Я сказал, что никто в этом не виноват, кроме меня.
– — Сыграйте еще! — заметил его товарищ.- Нельзя же быть постоянному несчастию: отыграетесь!
«В самом деле!» — подумал я, поставил еще какой-то порядочный куш и еще раз проиграл. Я весь дрожал от злости и досады. Почему-то мне даже представилось, что успехи мои в живописи будут также несчастливы. К этому проклятый бродяга назвал еще меня пачкуном, когда я решительно отказался играть и отошел от стола. В бешенстве я схватил стакан и пустил в него. Он застонал и повалился со стула; кровь лила из его головы.

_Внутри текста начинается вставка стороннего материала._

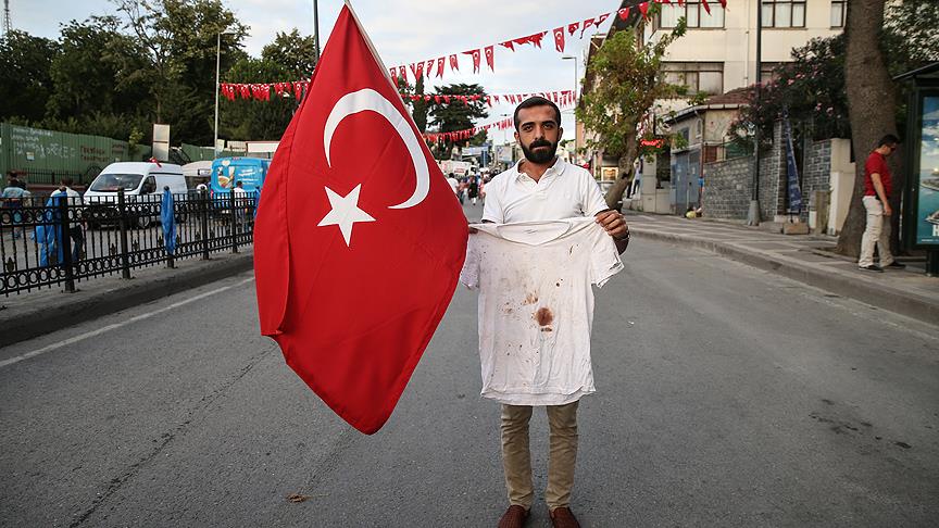 Elinde Türk bayrağı, üzerinde şehitler ile yaralananların kanının bulunduğu tişörtüyle darbe girişimine tepki gösteren Karakoyun, AA muhabirine yaptığı açıklamada, darbe girişiminin ardından Cumhurbaşkanı Erdoğan'ın çağrısı üzerine Boğaziçi Köprüsü'ne gittiğini belirtti.

Меня связали, как исступленного. Явился доктор и нашел, что рана опасна. Кончилось тем, что я тут же расплатился за рану и остался с деньгами, которых едва хватило доехать до Петербурга. Далее нечего рассказывать. Я поступил в приказчики к Штукенбергу, и ты видел, Генрих, как я скряжничал, чтоб скопить что-нибудь и успокоить свою совесть.